Record excerpts –
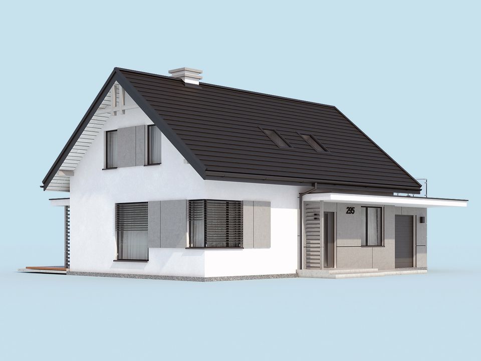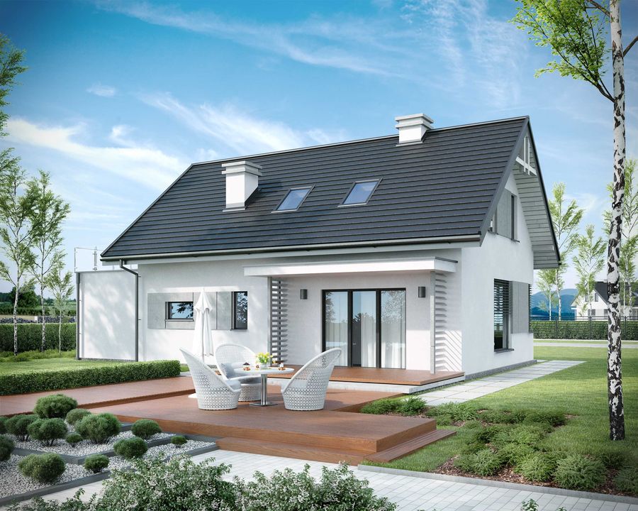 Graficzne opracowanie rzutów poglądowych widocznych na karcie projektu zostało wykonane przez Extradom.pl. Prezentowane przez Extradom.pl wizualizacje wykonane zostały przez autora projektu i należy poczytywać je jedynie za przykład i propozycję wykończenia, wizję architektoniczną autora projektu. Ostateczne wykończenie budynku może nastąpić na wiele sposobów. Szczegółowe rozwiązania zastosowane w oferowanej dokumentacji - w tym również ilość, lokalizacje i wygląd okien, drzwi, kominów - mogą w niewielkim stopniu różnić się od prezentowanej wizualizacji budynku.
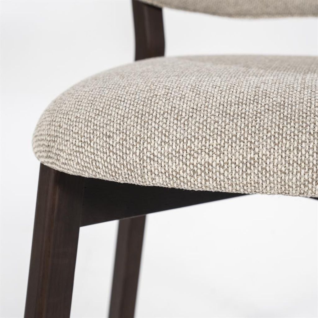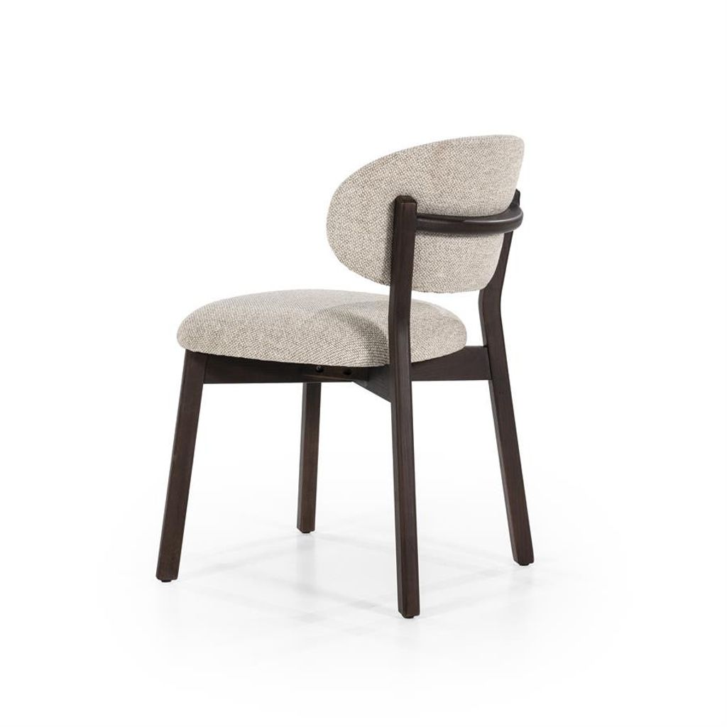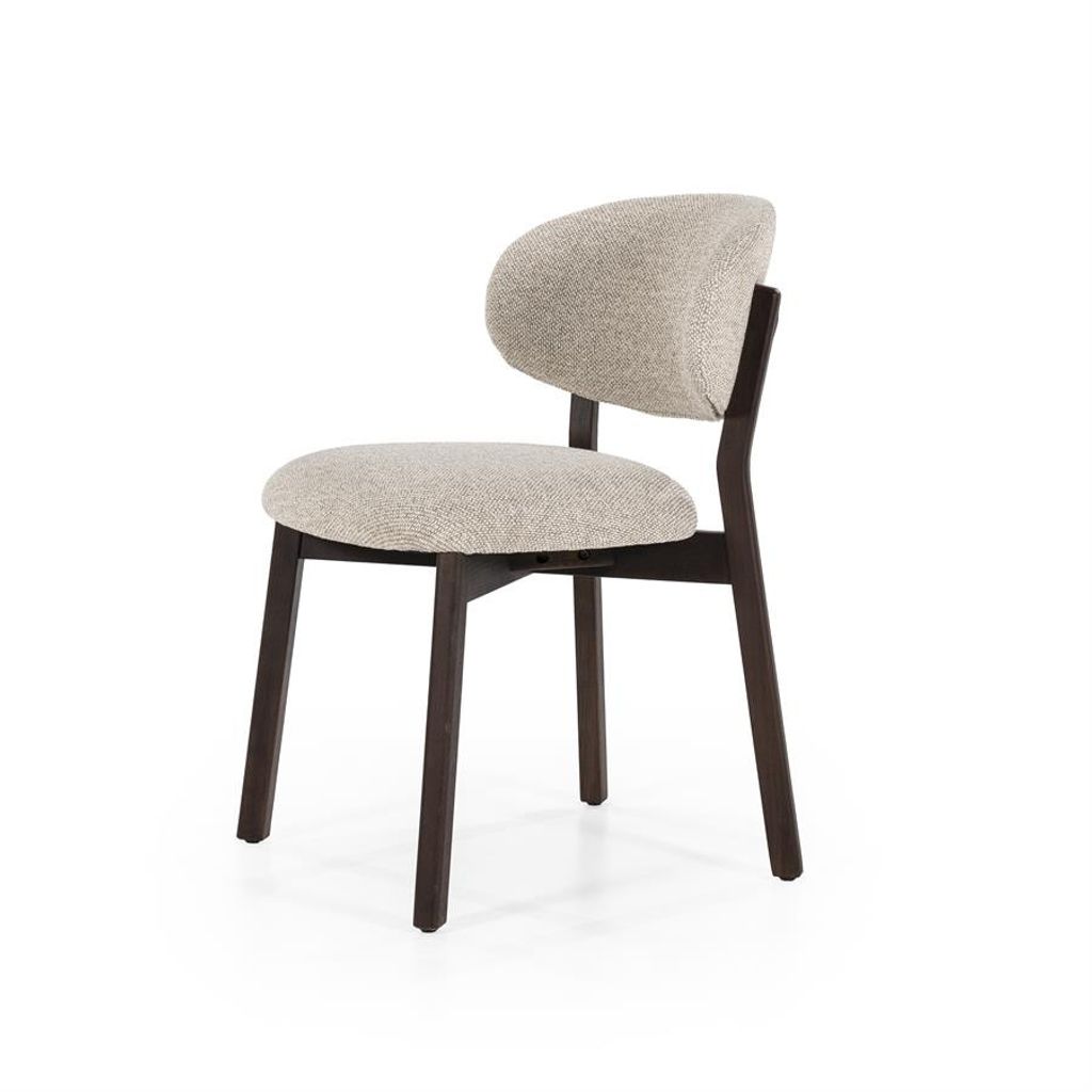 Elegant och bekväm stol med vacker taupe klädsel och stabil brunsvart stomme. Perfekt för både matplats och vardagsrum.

==

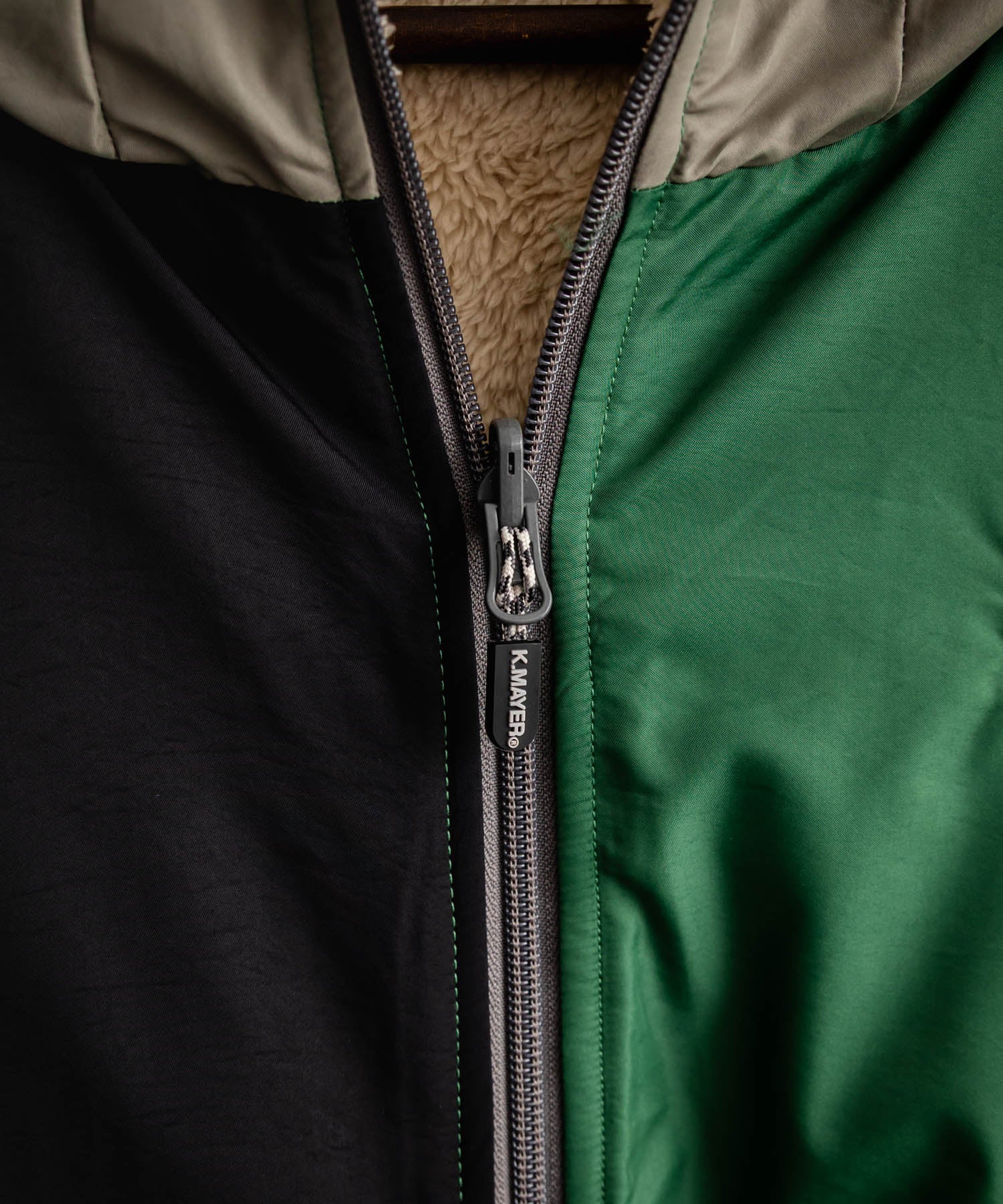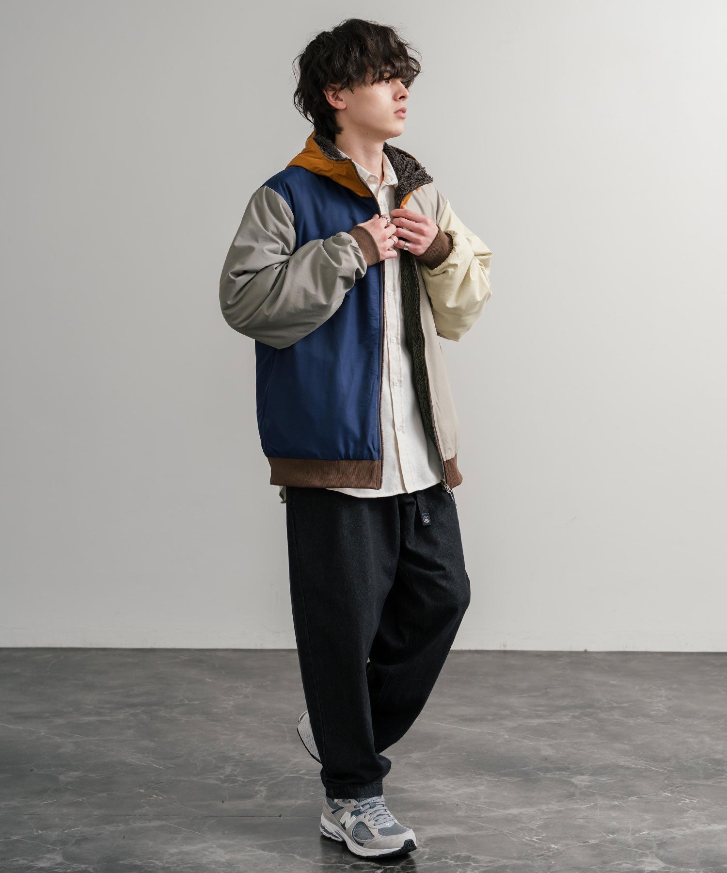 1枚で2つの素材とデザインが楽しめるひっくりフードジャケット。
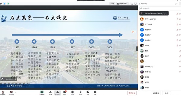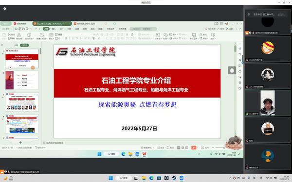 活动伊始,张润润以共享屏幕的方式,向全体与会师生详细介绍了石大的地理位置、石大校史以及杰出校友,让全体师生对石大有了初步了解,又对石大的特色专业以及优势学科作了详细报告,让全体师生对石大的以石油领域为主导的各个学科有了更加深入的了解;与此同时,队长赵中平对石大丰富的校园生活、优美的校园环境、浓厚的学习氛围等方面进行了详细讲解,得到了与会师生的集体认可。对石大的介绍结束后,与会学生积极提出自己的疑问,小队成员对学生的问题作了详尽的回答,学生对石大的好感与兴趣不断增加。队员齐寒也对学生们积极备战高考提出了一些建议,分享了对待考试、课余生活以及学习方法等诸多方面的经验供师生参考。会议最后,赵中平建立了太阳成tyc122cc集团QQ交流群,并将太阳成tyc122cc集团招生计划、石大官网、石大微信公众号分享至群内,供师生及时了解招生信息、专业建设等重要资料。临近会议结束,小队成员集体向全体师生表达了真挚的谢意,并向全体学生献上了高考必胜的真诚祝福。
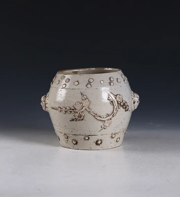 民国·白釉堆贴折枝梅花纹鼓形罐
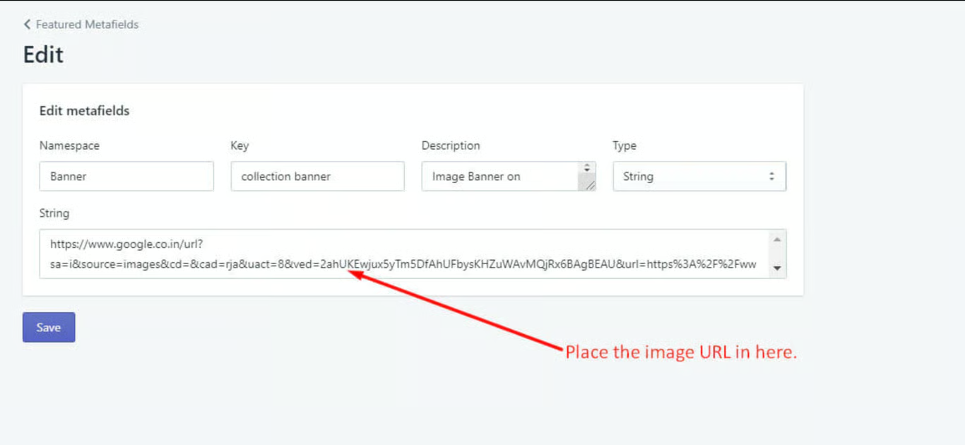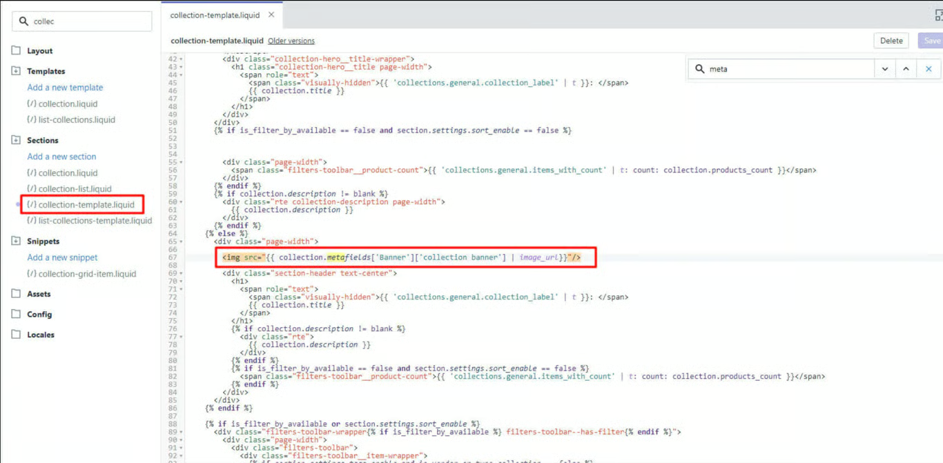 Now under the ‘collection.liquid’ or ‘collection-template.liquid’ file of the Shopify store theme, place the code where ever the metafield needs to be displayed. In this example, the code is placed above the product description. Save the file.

...

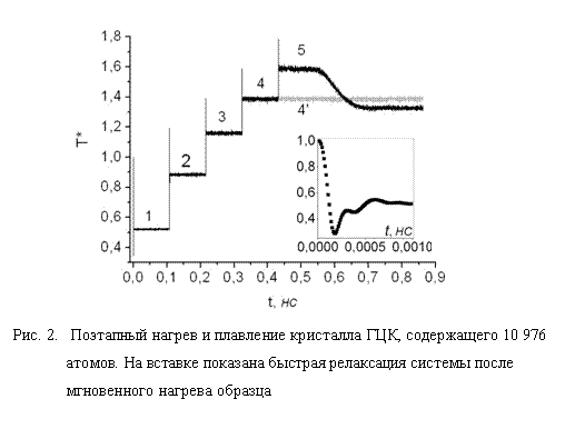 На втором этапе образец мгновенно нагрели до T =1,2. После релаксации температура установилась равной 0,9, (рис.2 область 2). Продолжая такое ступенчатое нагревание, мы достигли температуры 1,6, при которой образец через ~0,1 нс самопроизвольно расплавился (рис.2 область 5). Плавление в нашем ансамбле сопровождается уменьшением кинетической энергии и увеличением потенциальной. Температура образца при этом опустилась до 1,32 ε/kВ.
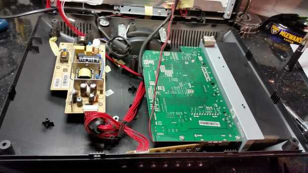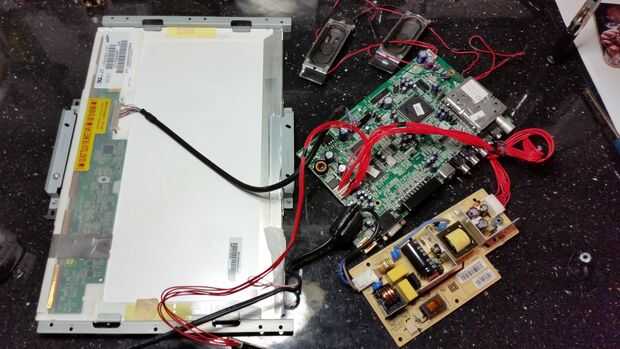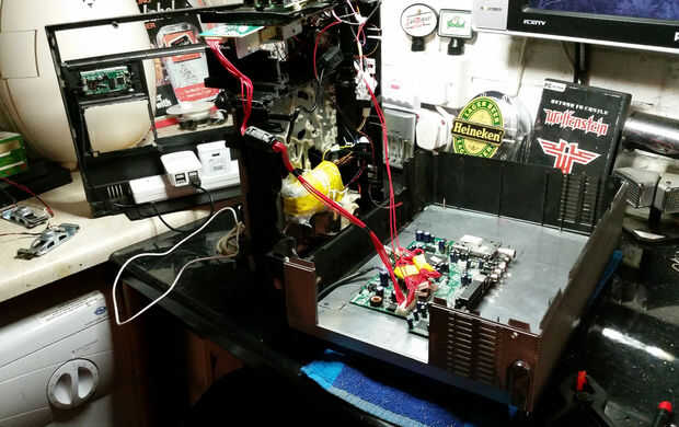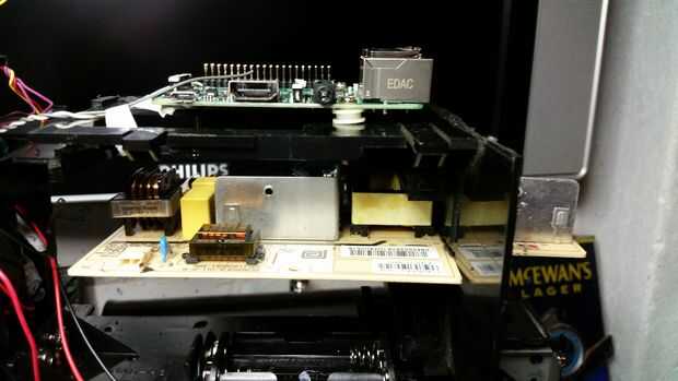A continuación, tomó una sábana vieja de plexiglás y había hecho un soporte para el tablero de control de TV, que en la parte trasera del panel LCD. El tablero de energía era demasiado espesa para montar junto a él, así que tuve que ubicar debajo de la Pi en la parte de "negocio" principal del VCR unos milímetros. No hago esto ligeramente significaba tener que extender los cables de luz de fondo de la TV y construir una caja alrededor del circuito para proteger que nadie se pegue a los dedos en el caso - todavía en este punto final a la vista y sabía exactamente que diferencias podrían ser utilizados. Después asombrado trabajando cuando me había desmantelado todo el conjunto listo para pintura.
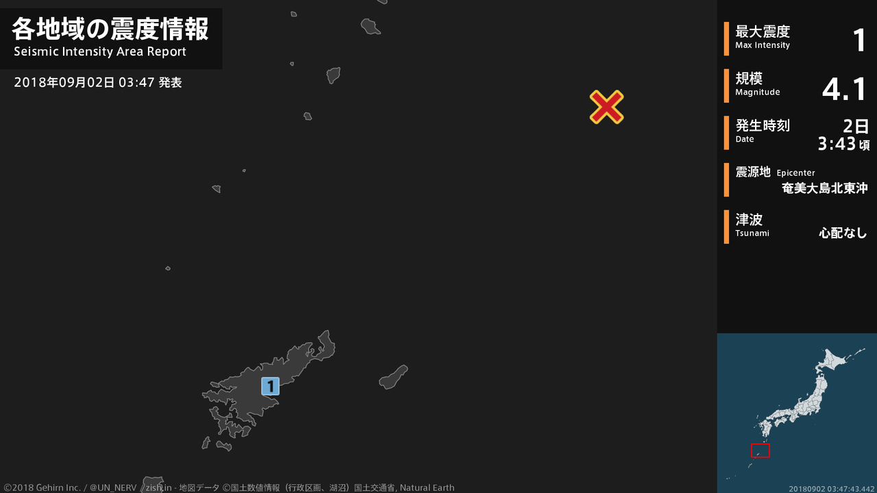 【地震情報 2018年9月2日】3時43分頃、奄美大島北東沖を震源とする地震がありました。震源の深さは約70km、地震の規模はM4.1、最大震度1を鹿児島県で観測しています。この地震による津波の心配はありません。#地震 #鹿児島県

What you will do – Pictures in the entries do not go into the copy. Print only the lines starting at the one containing "活动伊始,张润润以共享屏幕的" and ending at the one containing "Now under the", exactly as they appear.

Solution –
 活动伊始,张润润以共享屏幕的方式,向全体与会师生详细介绍了石大的地理位置、石大校史以及杰出校友,让全体师生对石大有了初步了解,又对石大的特色专业以及优势学科作了详细报告,让全体师生对石大的以石油领域为主导的各个学科有了更加深入的了解;与此同时,队长赵中平对石大丰富的校园生活、优美的校园环境、浓厚的学习氛围等方面进行了详细讲解,得到了与会师生的集体认可。对石大的介绍结束后,与会学生积极提出自己的疑问,小队成员对学生的问题作了详尽的回答,学生对石大的好感与兴趣不断增加。队员齐寒也对学生们积极备战高考提出了一些建议,分享了对待考试、课余生活以及学习方法等诸多方面的经验供师生参考。会议最后,赵中平建立了太阳成tyc122cc集团QQ交流群,并将太阳成tyc122cc集团招生计划、石大官网、石大微信公众号分享至群内,供师生及时了解招生信息、专业建设等重要资料。临近会议结束,小队成员集体向全体师生表达了真挚的谢意,并向全体学生献上了高考必胜的真诚祝福。
 民国·白釉堆贴折枝梅花纹鼓形罐
 Now under the ‘collection.liquid’ or ‘collection-template.liquid’ file of the Shopify store theme, place the code where ever the metafield needs to be displayed. In this example, the code is placed above the product description. Save the file.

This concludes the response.